Excerpts from a dataset
########################################

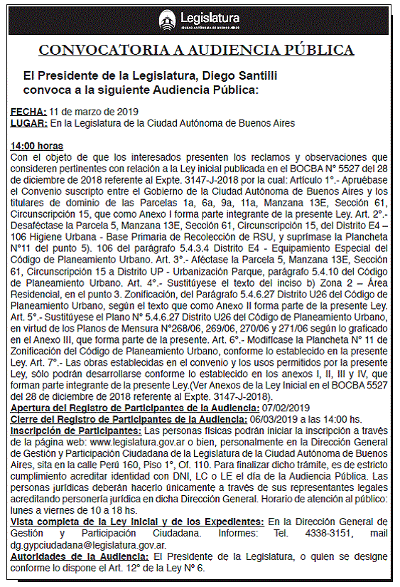 AUDIENCIA PÚBLICA 11 DE MARZO 2019 14 horas Planeamiento Urbano 23 de enero del 2019
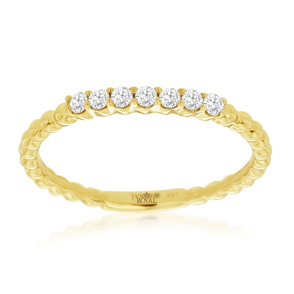 Brilliant round diamonds shimmer across the top of this yellow gold wedding band, each stone prong-set to maximize sparkle and light. The band features a softly braided design, adding subtle texture and depth while maintaining a delicate profile. Both timeless and versatile, it’s a radiant complement to an engagement ring or a refined statement when worn on its own.
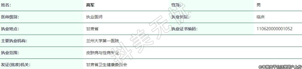執(zhí)業(yè)范圍:皮膚病與性病專業(yè)
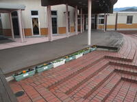 玄関や中庭ステージのプランターには、パンジーやビオラなどの花が咲きほこっています。
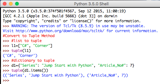 - Convert to Tuple Method: This method is used to convert a sequence - list or dictionary to a tuple. It consists of one parameter and it is explained as below:
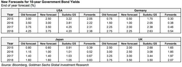 Americká investiční banka snížila výhled na konec letošního roku pro výnos 10letých vládních dluhopisů USA z 3 % na 2,5 %. Nižší úroky predikuje nově i na dalších trzích. Důvody jsou poptávka centrálních bank (ECB, Bank of Japan) nebo omezení některých fondů při obchodování s bondy (musejí je často držet do splatnosti, i když výnosy klesají, takže nabídka dluhopisů na trhu neroste tak rychle).
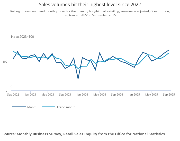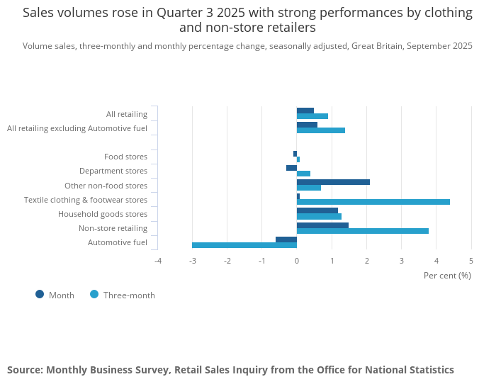 Sales volumes rose in Quarter 3 2025 with strong performances by clothing and non-store retailers
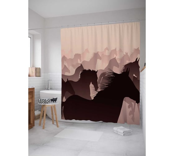 Сопутствующие товары для шторки-занавески JOYARTY Лошадиный бег из сатена, 180х200 см с крючками
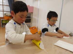初めて自分の絵の具を使って、制作をしました。「どんな味のジュースが飲んでみたいかな?」という先生からの問いかけに、「オレンジジュース!」「カルピスがいいな~」と言いながら、色を決めていた子どもたち。コップからこぼれないよ […]
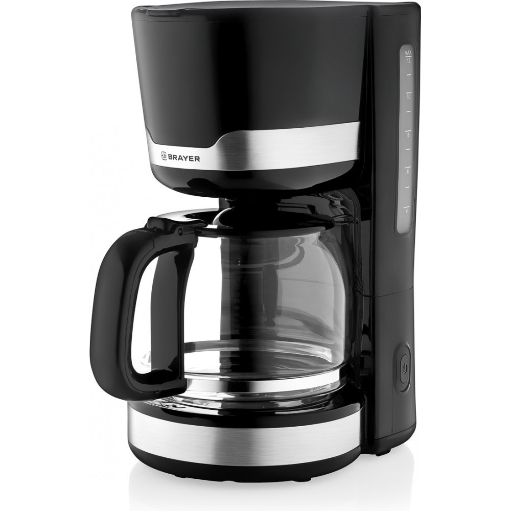 Капельная кофеварка BRAYER BR1120 черного цвета — это удобная модель для приготовления кофе дома или в офисе. При мощности 1000 Вт она быстро нагревает воду и позволяет готовить до 1,5 л кофе за один раз. Кофеварка использует молотый кофе и оснащена одноразовым фильтром. Модель оборудована противокапельной системой для чистоты при эксплуатации и автоотключением для безопасности. Корпус выполнен из пластика с теплоизоляционной ручкой, а индикаторы показывают включение устройства и уровень воды. Функций для приготовления капучино, регулировки жесткости воды или подогрева чашек нет. Дисплей отсутствует.
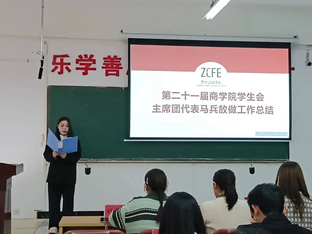 随后,第二十一届yl6809永利集团官网学生会主席团代表马兵放做工作总结。她从组织建设、活动开展、服务同学等多个维度,回顾了过去一年学生会的工作历程,分享了工作中的经验与感悟,也坦诚地指出了存在的不足,为新一届学生会的工作提供了宝贵的参考。

########################################

Your instructions ▸ Starting at the line above that has "執(zhí)業(yè)范圍:皮膚病與性病專業(yè)" and ending at the line that has "- Convert to", copy each line exactly, leaving the pictures out and adding nothing.

Response ▸
執(zhí)業(yè)范圍:皮膚病與性病專業(yè)
 玄関や中庭ステージのプランターには、パンジーやビオラなどの花が咲きほこっています。
 - Convert to Tuple Method: This method is used to convert a sequence - list or dictionary to a tuple. It consists of one parameter and it is explained as below:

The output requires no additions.